Infância nas ruas

Infância na ruaCerta vez fiquei olhando, à porta da padaria. Os meninos chegaram, eram quatro. Todos molambentos, roupas sujas, rotas. O que me impressionou, no entanto, foram os olhos. Baços, apalermados. São meninos que não aparentam idade. Poderiam assim ter 7, 8 ou 10 anos.

As pessoas, dentro da padaria – eu as vi pelo vidro do carro – ficaram com medo, pois se retraíram.

Eles chegavam e estendiam a mão. Mas não pediam. Era como se exigissem. Um homem, com um filhinho no colo ofereceu pão aos meninos. E eles se recusaram. Queriam dinheiro.
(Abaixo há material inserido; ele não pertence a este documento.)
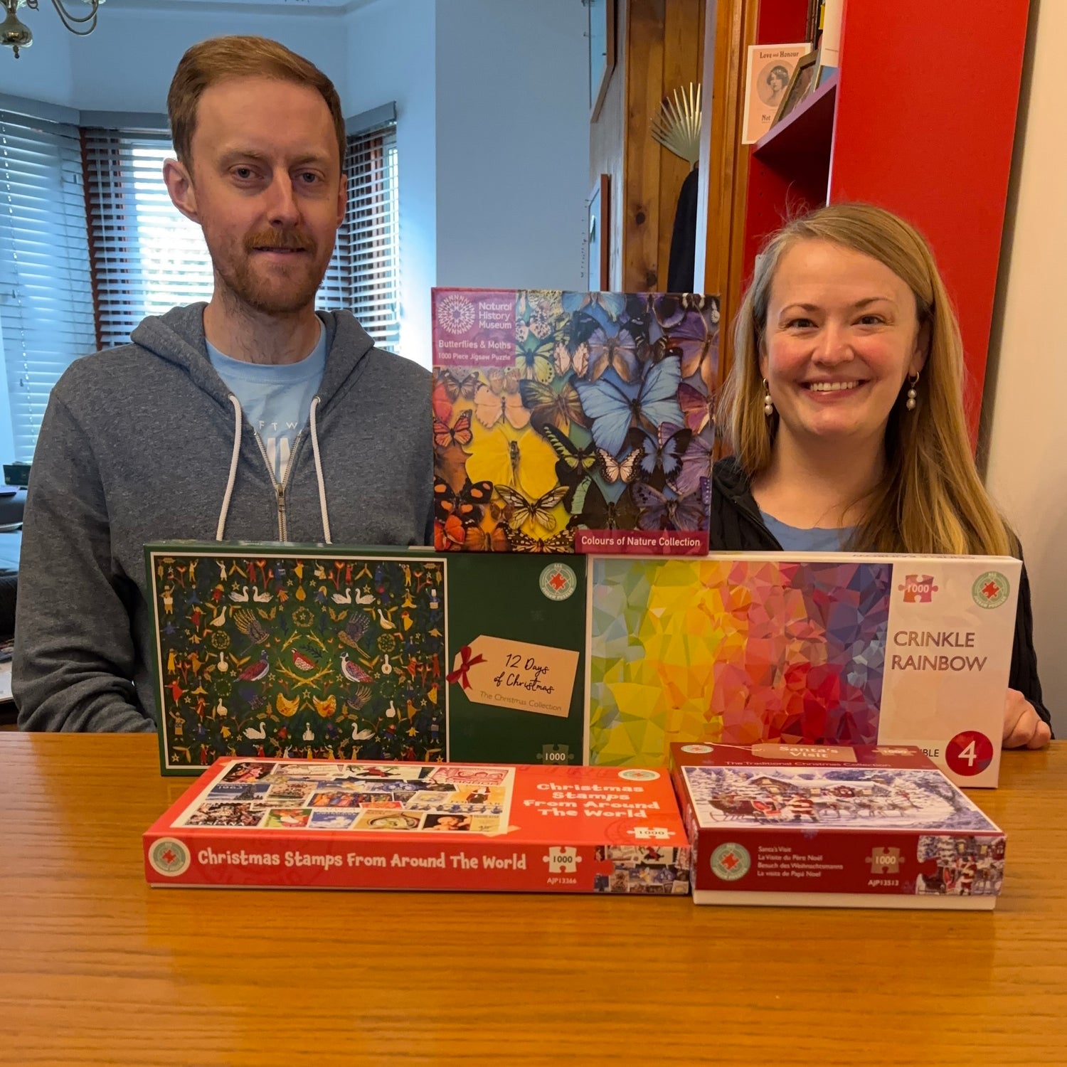 Hello puzzlers! We're SJ and Dan. (Dan is on the left and SJ on the right.) You might know us better as @2puzzlepeople on Instagram where we've been posting about our puzzle adventures since 2021. You can see our favourite AJP jigsaws there, as well!

E mostraram-se hostis.

As pessoas, então, se recolheram, olhando-s de soslaio, prevenidas. Estavam ali, na realidade, pequeninos assaltantes. E eles causam e despertam medo, isso o mais horrível de tudo: crianças que causam medo.

Lembrei-me de mim mesmo, de como me comporto quando vou a São Paulo, até mesmo em Campinas, em alguns cruzamentos, quando garotos se aproximam par alimpar o parabrisa, ou vender limões ou flanelas. Mantendo o vidro fechado, a quase certeza de uma agressão. Transformou-se em paranoia, em neurose, ou é uma situação de legítima defesa?

Preferia que fossem neuroses ao invés de uma realidade assustadora e destruidora de esperanças. Pois, se fossem paranóias, o problema seria apenas de cada um de nós, esse medo sem sentido. Desgraçadamente, porém, não são. A tragédia está nas ruas, uma tragédia nacional. As crianças perderem o seu maior patrimônio que é a sua própria infância.

E, desgraçadamente também para mim mesmo, não acredito em recuperação de meninos-de-rua. Da mesma forma como não acredito em recuperação de prisioneiros, desses que ficam muitos anos em celas de nossas prisões infames.

A alma humana tem sensibilidade infinitamente superior a uma pétala de flor. Esta, quando tocada, machuca-se. A alma humana deve ser a memória das pessoas, onde tudo se registra, onde tudo fica. Não me esqueço de um filho adotivo que tive, vindo das ruas. Ele já tinha quatro anos, quando o recolhemos. A alma já estava marcada. E não houve lar, amor, coisas, psicólogos, analistas que conseguissem remendar-lhe a alma, unir os cacos, colas os pedaços que haviam arrebentado nas ruas, na violência.

É isso que e assusta, vendo essa legião de crianças que se apoderaram das ruas. Não consigo ver – por mais que o quisesse – como fazer para que se lhes devolva a humanidade. Estamos pagando o terrível preço de irresponsabilidade social.